Aspetti fiscali da tenere a mente

Quando strutturi il contratto, considera anche le implicazioni fiscali. In Italia nel 2026 le aliquote IRPEF sono: 23% fino a 28.000 euro, 33% tra 28.000 e 50.000 euro, 43% oltre 50.000 euro. Se sei nel regime ordinario, il tuo reddito netto da freelance entra in questo calcolo.

Chi è nel regime forfettario paga invece un'imposta sostitutiva del 15% (o 5% per i primi 5 anni se si rispettano i requisiti previsti dalla legge) su un reddito calcolato applicando il coefficiente di redditività al fatturato. Il limite annuo è 85.000 euro. Superato questo limite, si esce dal regime l'anno successivo.

Per capire come ottimizzare la tua situazione finanziaria come freelance e cosa fare con i guadagni in eccesso, puoi approfondire come costruire un portafoglio di investimenti adeguato al tuo profilo di rischio.

Domande frequenti

Un contratto freelance deve essere firmato davanti a un notaio?

No.

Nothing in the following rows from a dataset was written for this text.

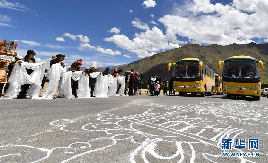 拉萨市堆龙德庆区古荣乡嘎冲村村民迎接来自藏北的新村民。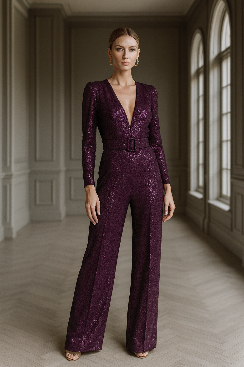 Espectacular mono realizado completamente en tejido de lentejuelas, fabuloso escote en v con transparencia.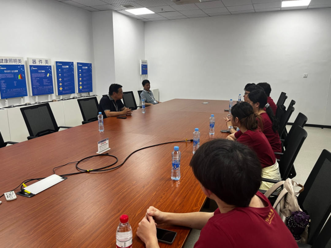 7月24日下午,调研团前往南昌易美光电科技园。江西的光电行业具有独特优势,南昌的光电及通信产业集群更是已经成为高新区的主导产业之一。易美光电是全国光电行业高精尖产品领导者,承担了量子点发光显示关键材料与器件研究、全光谱无机半导体材料产业化制造技术等6项国家重点研发计划。负责人向调研团成员介绍了企业背光模组、智能显示、光电器件封装等主要业务,以及在教育照明、全光谱光源光照等方面的成就。调研团还走进企业车间,了解关键技术在生产中的应用。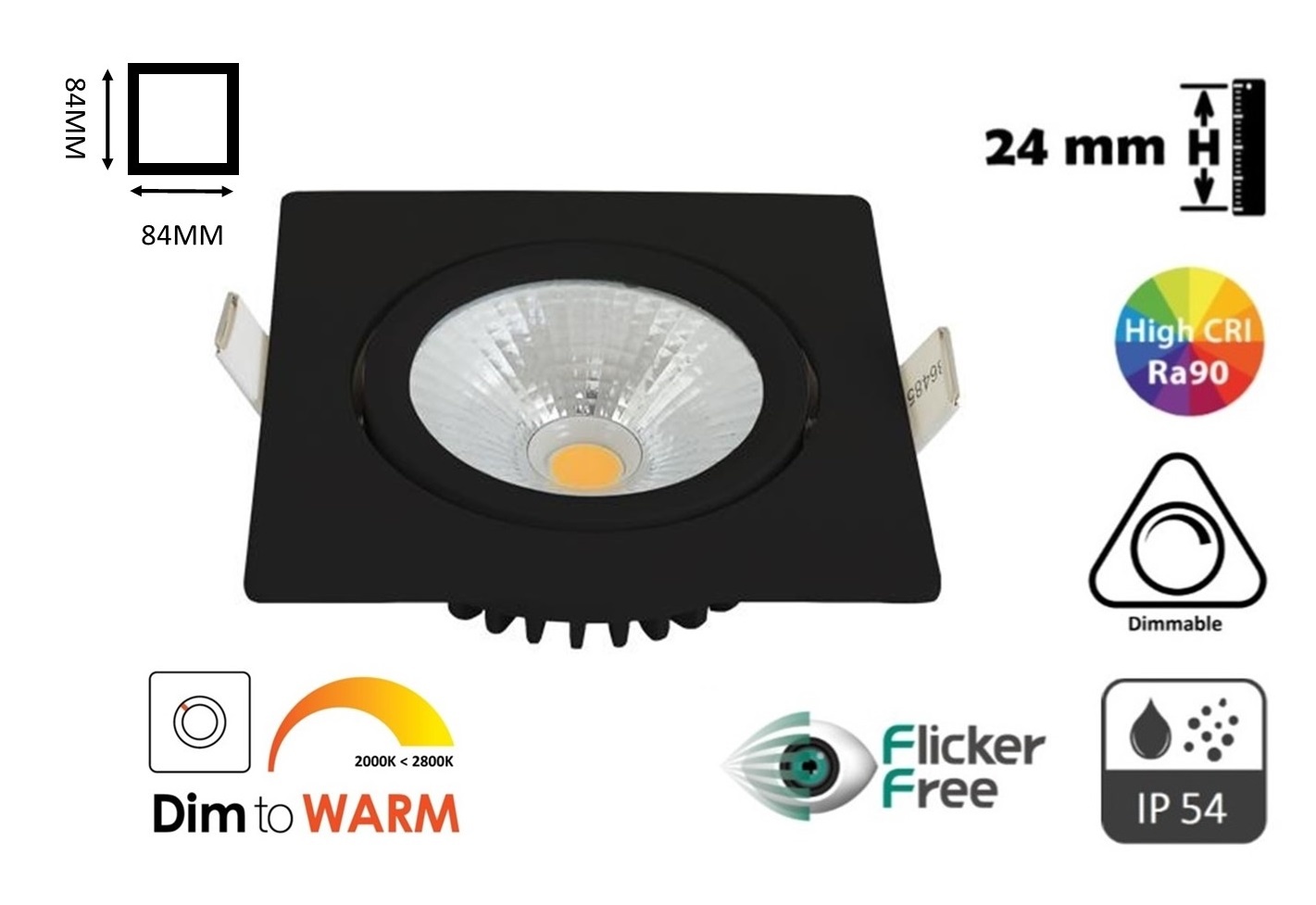 Deze complete Inbouw LED Spot Vierkant 5w Dim To Warm (2800K-2000K) is een zeer unieke led spot. De Inbouw LED spot 5w dimbaar is slechts 24mm hoog. Hierdoor is deze inbouw led spot overal toepasbaar. Dankzij de IP54 normering kunnen deze Inbouw LED spots ook gebruikt worden in badkamers of vochtige ruimtes.

Per le prestazioni d'opera intellettuale (art. 2222 e seguenti del Codice Civile) non è richiesta alcuna forma specifica. Un contratto firmato via email, con firma digitale o anche con firma autografa scansionata è valido. La firma digitale qualificata (con certificato emesso da un provider accreditato) ha pieno valore legale in tutta l'UE grazie al regolamento eIDAS e offre maggiore certezza probatoria.

Posso lavorare come freelance senza partita IVA?

Dipende dalla frequenza e dall'abitualità. Prestazioni occasionali (non abituali, non organizzate) sono possibili senza partita IVA fino a 5.000 euro lordi annui, con applicazione della ritenuta d'acconto del 20% da parte del committente e nessun obbligo di apertura partita IVA. Superata questa soglia, o se l'attività è svolta in modo continuativo, è obbligatorio aprire la partita IVA. La nostra guida su come aprire la partita IVA spiega tutta la procedura.

Cosa succede se il cliente firma il contratto e poi cambia idea sulle specifiche?

Se le nuove richieste rientrano in quanto già descritto nello scope of work, devi eseguirle. Se invece sono aggiuntive rispetto a quanto pattuito, hai il diritto di rifiutarle o di fatturarle separatamente, come previsto dalla clausola di gestione delle richieste extra. Per questo è fondamentale avere una descrizione dell'ambito molto precisa: è la tua difesa principale contro la scope creep. Documenta sempre le richieste di modifica per iscritto (email va bene) e fai confermare dal cliente prima di procedere.

Come mi tutelo se il cliente usa il mio lavoro senza pagarmi il saldo?

Includi nel contratto una clausola che vieta espressamente l'uso del lavoro fino al pagamento integrale e che mantiene la proprietà intellettuale in capo a te fino al saldo. In questo modo, se il cliente usa il materiale senza aver pagato, commette una violazione del diritto d'autore oltre che un inadempimento contrattuale — due leve legali invece di una sola. Sul piano pratico, non consegnare i file definitivi (solo anteprime o versioni a bassa risoluzione/con watermark) finché non hai ricevuto il pagamento completo.

Vale la pena inserire una clausola di non concorrenza nel contratto?

Dipende dal punto di vista. Se è il cliente a chiederti di non lavorare per suoi concorrenti, valuta attentamente l'impatto sulla tua libertà professionale. Una clausola di non concorrenza ampia può limitarti significativamente. Per essere valida in Italia deve avere limiti di tempo (massimo 5 anni), geografici e di oggetto. Se la accetti, negozia un corrispettivo economico aggiuntivo. Se invece sei tu a volerla (es. non vuoi che il cliente si rivolga a un tuo ex collaboratore sottraendoti business), puoi inserirla ma sapendo che l'applicazione pratica è complessa e costosa.